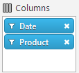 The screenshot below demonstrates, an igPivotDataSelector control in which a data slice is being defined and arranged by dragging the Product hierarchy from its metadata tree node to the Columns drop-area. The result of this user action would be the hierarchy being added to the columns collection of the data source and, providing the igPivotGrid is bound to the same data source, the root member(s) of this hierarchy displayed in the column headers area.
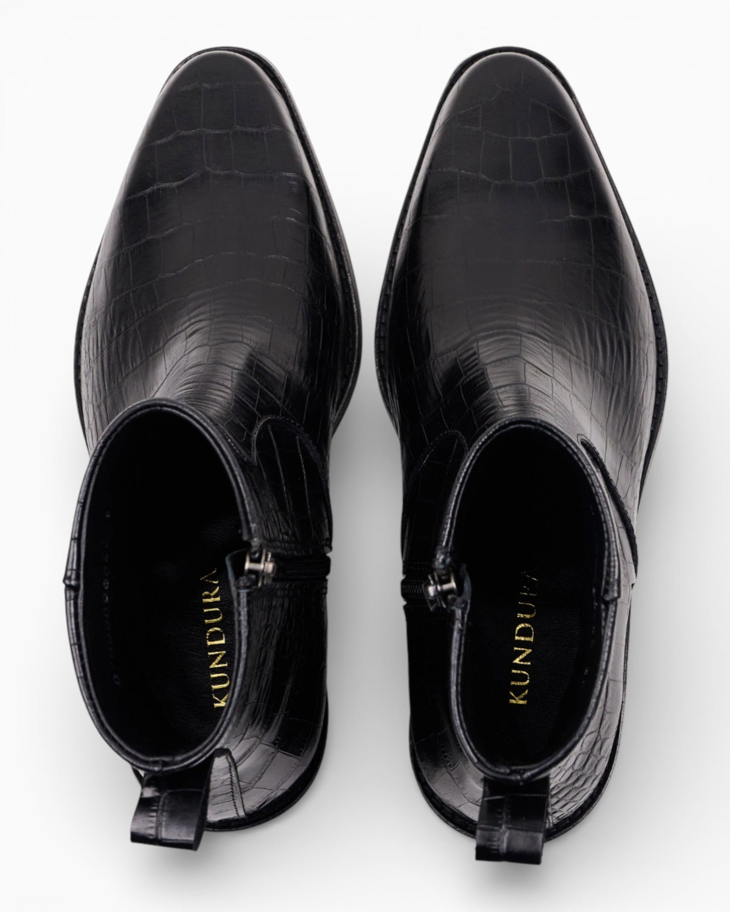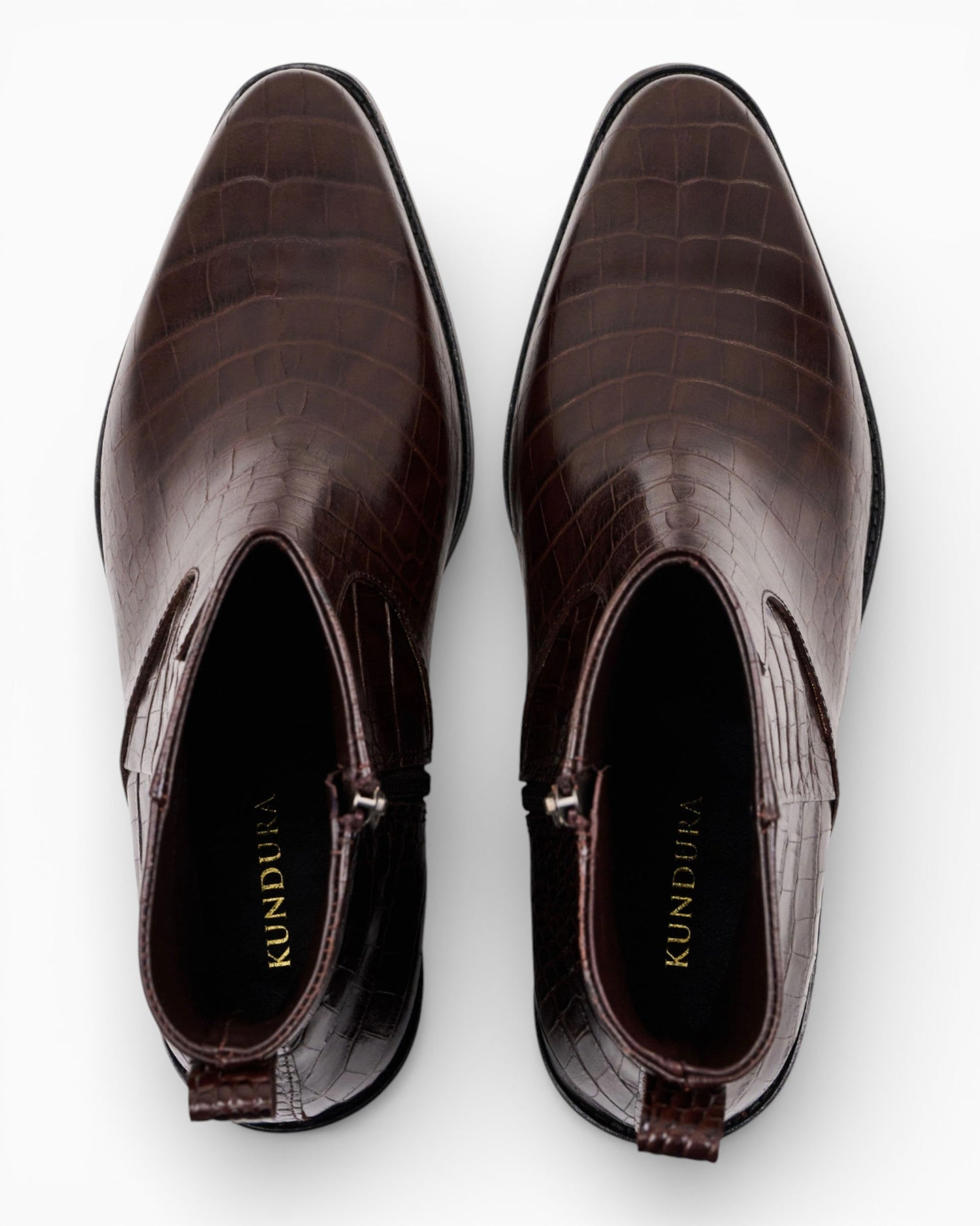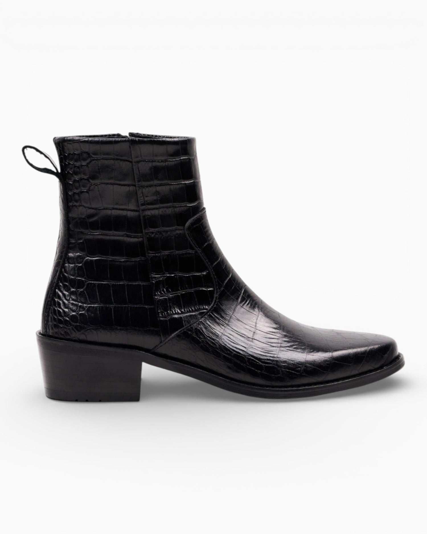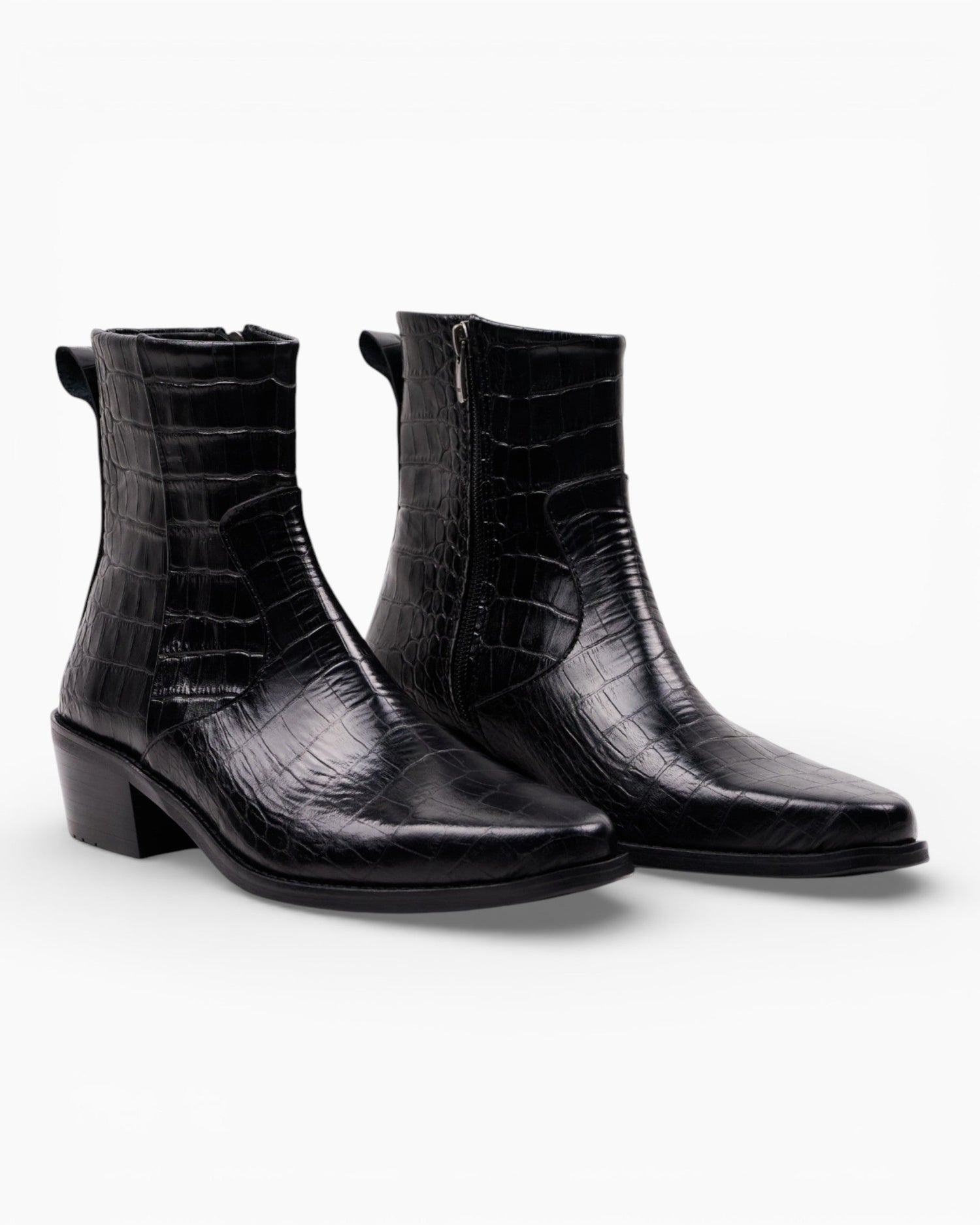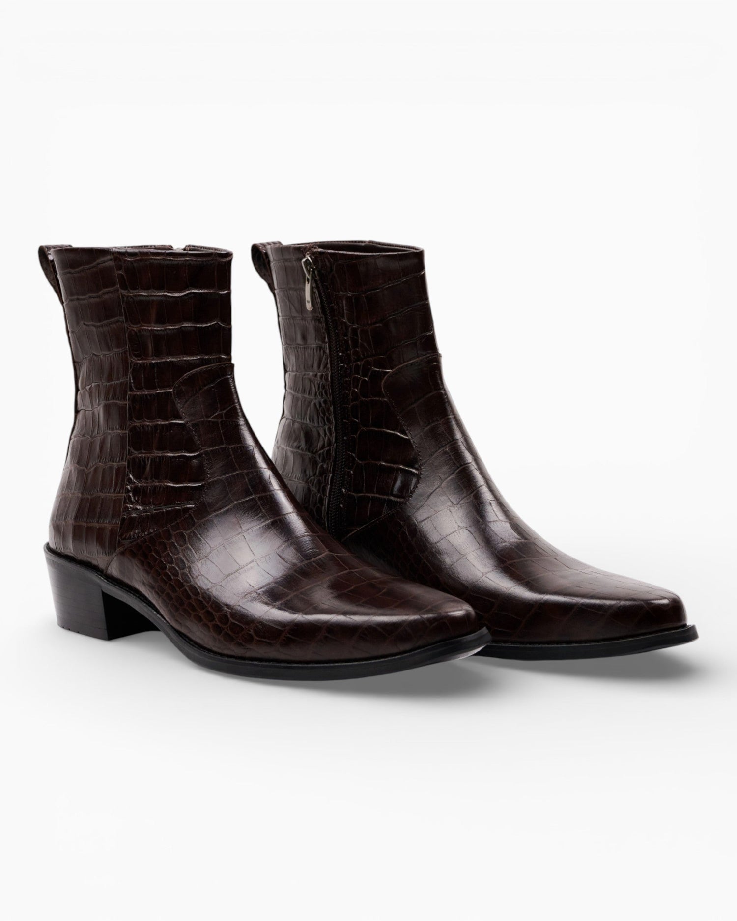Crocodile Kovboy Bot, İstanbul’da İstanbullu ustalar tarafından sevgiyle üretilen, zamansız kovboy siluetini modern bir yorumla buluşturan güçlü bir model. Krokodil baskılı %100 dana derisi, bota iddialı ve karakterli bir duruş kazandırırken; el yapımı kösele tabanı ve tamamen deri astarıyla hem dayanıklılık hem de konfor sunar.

--

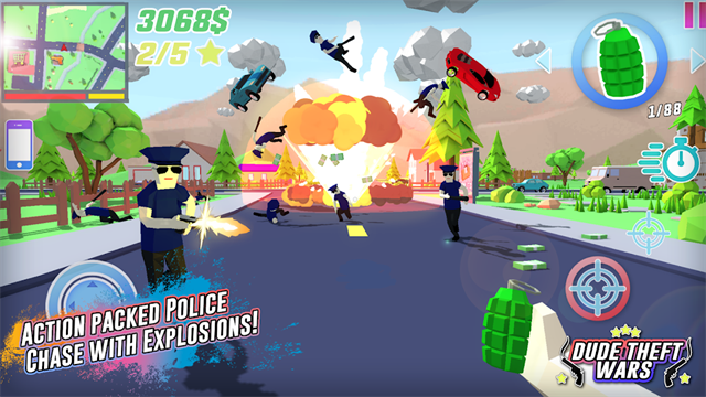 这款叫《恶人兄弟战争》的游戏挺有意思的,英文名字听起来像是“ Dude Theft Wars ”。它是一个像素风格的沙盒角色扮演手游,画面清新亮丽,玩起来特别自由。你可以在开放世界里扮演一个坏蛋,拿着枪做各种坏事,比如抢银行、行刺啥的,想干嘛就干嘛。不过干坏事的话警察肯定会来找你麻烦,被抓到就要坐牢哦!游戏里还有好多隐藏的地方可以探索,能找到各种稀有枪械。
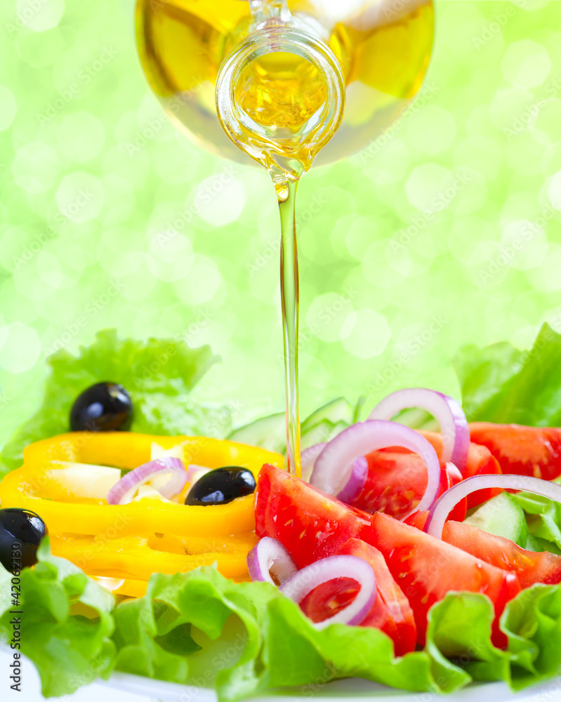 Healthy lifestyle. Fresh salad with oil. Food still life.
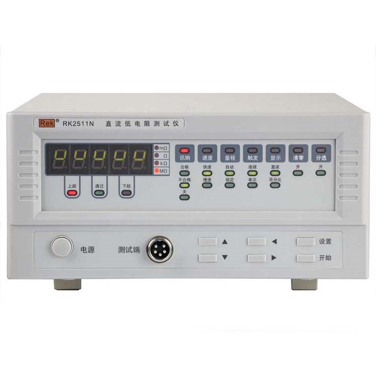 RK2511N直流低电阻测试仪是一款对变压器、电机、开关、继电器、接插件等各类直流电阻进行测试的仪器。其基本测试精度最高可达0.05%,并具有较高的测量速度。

* * *

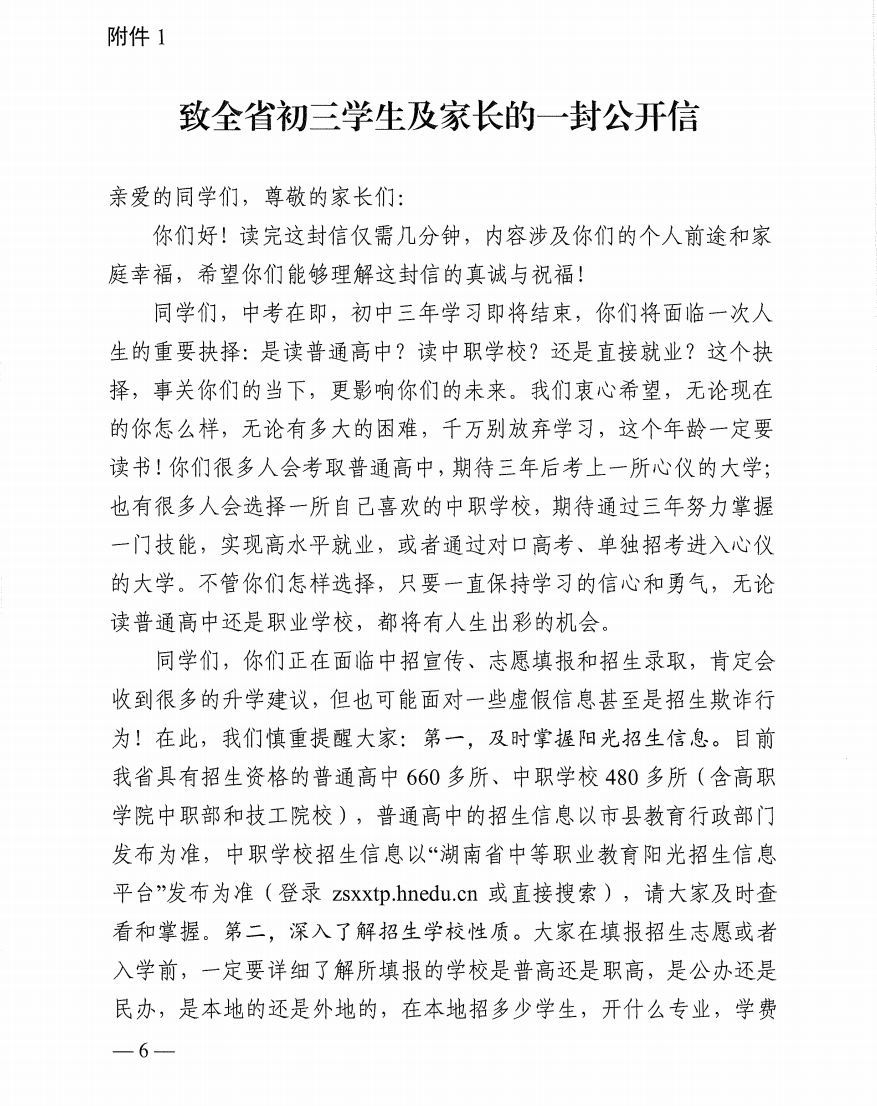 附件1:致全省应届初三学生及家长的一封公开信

● **TASK**
Given the records above, return the lines starting at the one that holds "Healthy lifestyle. Fresh" and ending at the one that holds "RK2511N直流低电阻测试", exactly, and nothing besides; leave every picture out.

● **WORKED SOLUTION**
 Healthy lifestyle. Fresh salad with oil. Food still life.
 RK2511N直流低电阻测试仪是一款对变压器、电机、开关、继电器、接插件等各类直流电阻进行测试的仪器。其基本测试精度最高可达0.05%,并具有较高的测量速度。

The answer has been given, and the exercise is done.